Педро вспомнил, как в детстве мыл кухонный нож и чуть не порезался о него. Сердце его тогда дрогнуло, и он подумал, каково это, когда тебя так убивают. Мучения страшнее смерти, как приклад страшнее жерла.

Педро чувствовал себя ничтожеством. Ему хотелось броситься под пули.

– Разве могу я после этого называться марксистом? – думал он. – Разве достоин я быть коммунистом?! Какое малодушие! Какая слабость! Я трус и изменник! Они потащили Элизио в карцер! Они убьют его! Если бы только я мог поменяться с ним местами!

Сантьяго Теодорес сидел в другом секторе. Он думал о предательстве Марко и страхе Педро. Терять было уже нечего. Сантьяго боялся только за товарищей, а страх за себя признавать отказывался. Он кинул взгляд на загороженный сетчатым забором бассейн. Около воды сидели женщины, завернутые в одеяла. Сантьяго Теодорес глубоко вздохнул. Послышался резкий крик. Сантьяго оглянулся. Принц избивал четырнадцатилетнего подростка кнутом.

– Давид Кабрера, значит! – орал Принц, замахиваясь кнутом. – Мало того, что марксист чёртов, да ещё и жид! Получай! Получай, отребье!

Одежда на юном марксисте была разорвана. На коже алели полосы, оставшиеся от ударов.

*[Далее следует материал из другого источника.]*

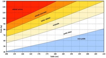 Le graphique suivant montre la détermination classique du surpoids ou pas :
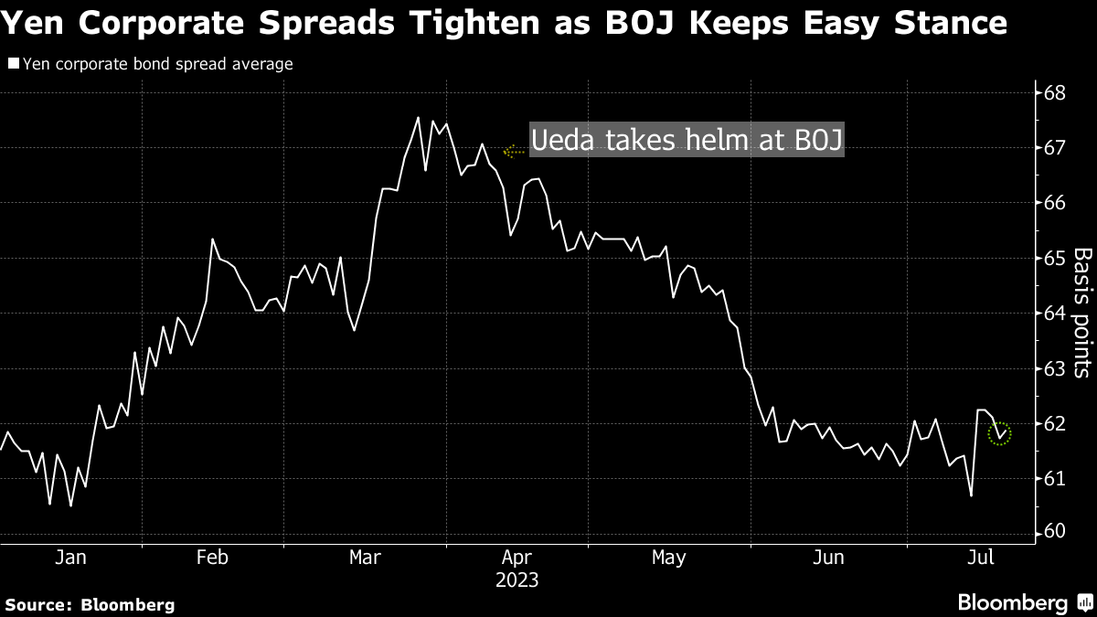 That's all helping burnish the asset class at a time when rates markets are signaling expectations that the Bank of Japan may need to tweak policy as inflation remains above its target, even as Governor Kazuo Ueda has repeatedly made the case for maintaining monetary stimulus. Still, BOJ officials see little urgent need to act on the effects of yield curve control for now, people familiar with the matter said last week.ย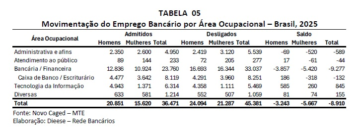 Entre todas as áreas ocupacionais do banco, a de Tecnologia da Informação (TI) foi uma das poucas com saldo positivo. Em 2025, foram 6.314 admissões e 5.469 demissões, resultando na abertura de 845 vagas. O Dieese pontua também que a contratação de homens foi predominante nesta área, correspondendo a 78,3% contra 21,7% de mulheres.

Хуана, сидевшего рядом с Сантьяго, ужасно возмутило происходящее. Он резко встал и побежал к Принцу, спускаясь по ступеням. За ним побежал Сантьяго. В конце пути им перегородил дорогу высокий, но худой новобранец.

– Кто вам разрешал? – сказал фальцетом рядовой, широко выпучив глаза. – Какого чёрта вы здесь делаете?!

Хуан не растерялся. Он сбил новобранца с ног и отобрал у него пистолет, а Сантьяго дал рядовому оплеуху.

Они мгновенно узнали его. Это был Дионисио, или же, как его звали сокращённо, Ничо. С ним братья Теодорес были знакомы ещё со школьной скамьи.

– Урод! – сказал Сантьяго, обращаясь к Ничо.

Хуан направился дальше, наставив пистолет на Эдвина Бьянки. Солдаты заметили его. Он успел ранить одного из них, но они тут же повалили его на пол, и, отобрав пистолет, ударили рукояткой револьвера по лицу.

– В карцер его! – завопил фашист. Хуана поволокли в камеру. Сантьяго запел:

Negras tormentas agitan los aires

nubes oscuras nos impiden ver

Aunque nos espere el dolor y la muerte

contra el enemigo nos llama el deber.

Это вывело Бьянки из себя, он поднял автомат и мгновенно пронзил поющего штыком. Сантьяго Теодорес упал на бетонный пол. С его губ потекла багровая струя крови.

– Не-е-е-е-ет! – закричал Хуан. – Пустите меня, подонки! Когда-нибудь вы будете наказаны!

– Разве можем мы бояться этих свадебных генералов?! – воскликнул Бартоломе Галилей. – Нет! Всё, что они здесь сделали, – это подняли шум на трибунах, спровоцировали разгорячённых спорщиков! Громкие крики! С таким же успехом это бы сделала футбольная команда Луиса Аламоса!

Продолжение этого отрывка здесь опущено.